WHOSE LIFE IS IT ANYWAY?
Comedy Theatre, London SW1
Opened 25 January, 2005
***

If ever a poster image misrepresented the play it was selling, this one does.  Fair enough, the selling point itself is clear: Kim Cattrall. There she is, the Sex And The City star, contriving to look at once sultry and windswept.  And, most deceptively, vertical.  Whereas Brian Clark’s 1978 play (which he’s revised for this run) centres on a sculptor paralysed from the neck down, who’s in a hospital bed the whole time.

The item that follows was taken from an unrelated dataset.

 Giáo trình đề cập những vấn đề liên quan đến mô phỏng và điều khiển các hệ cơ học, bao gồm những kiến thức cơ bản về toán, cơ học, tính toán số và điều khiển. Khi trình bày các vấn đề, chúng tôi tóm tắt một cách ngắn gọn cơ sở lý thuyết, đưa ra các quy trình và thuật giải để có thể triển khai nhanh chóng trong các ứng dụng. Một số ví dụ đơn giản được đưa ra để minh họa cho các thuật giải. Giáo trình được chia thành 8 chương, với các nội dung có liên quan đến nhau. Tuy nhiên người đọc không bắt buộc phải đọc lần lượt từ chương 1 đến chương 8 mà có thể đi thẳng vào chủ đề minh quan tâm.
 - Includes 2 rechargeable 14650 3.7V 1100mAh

Cattrall plays Claire Harrison, a car-crash victim who, realising that she can never again live the kind of life she wants, sues for the right to die.  It’s easy to joke about lying down on the job or what-have-you, but the fact is that, when all you have to act with are your face and voice, it’s much harder to convey character and moods.  It’s harder still when the character is as complex and ambiguous as Claire is.

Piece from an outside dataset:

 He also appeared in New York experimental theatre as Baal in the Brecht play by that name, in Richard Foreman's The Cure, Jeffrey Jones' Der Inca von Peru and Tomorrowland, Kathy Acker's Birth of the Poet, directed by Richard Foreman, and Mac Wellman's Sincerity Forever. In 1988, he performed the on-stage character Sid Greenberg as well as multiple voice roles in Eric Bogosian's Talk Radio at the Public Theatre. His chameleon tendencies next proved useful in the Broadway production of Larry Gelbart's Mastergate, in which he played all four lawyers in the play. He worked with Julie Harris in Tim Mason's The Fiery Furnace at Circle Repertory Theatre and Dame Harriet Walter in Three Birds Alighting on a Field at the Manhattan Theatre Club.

We see Claire desperately trying to keep joking, and keenly seeing through the hospital staff’s optimistic facade.  Above all, we see that there’s a real question whether she is truly making a rational decision to end her own life, or whether it’s the depression talking.  Cattrall begins her performance with an excess of phoney cheeriness, but she and her comrades gradually settle down as the main thrust of the plot emerges.

Cattrall isn’t the only screen name in Peter Hall’s cast: Amita Dhiri from This Life is nicely restrained as Claire’s solicitor, and Alexander Siddig as the caring Dr Scott shows how underrated he was in Deep Space Nine.  Janet Suzman’s natural authority is perfect for the role of the judge.  And William Chubb deserves recognition as the consultant who finds his medical conscience pits him against Claire.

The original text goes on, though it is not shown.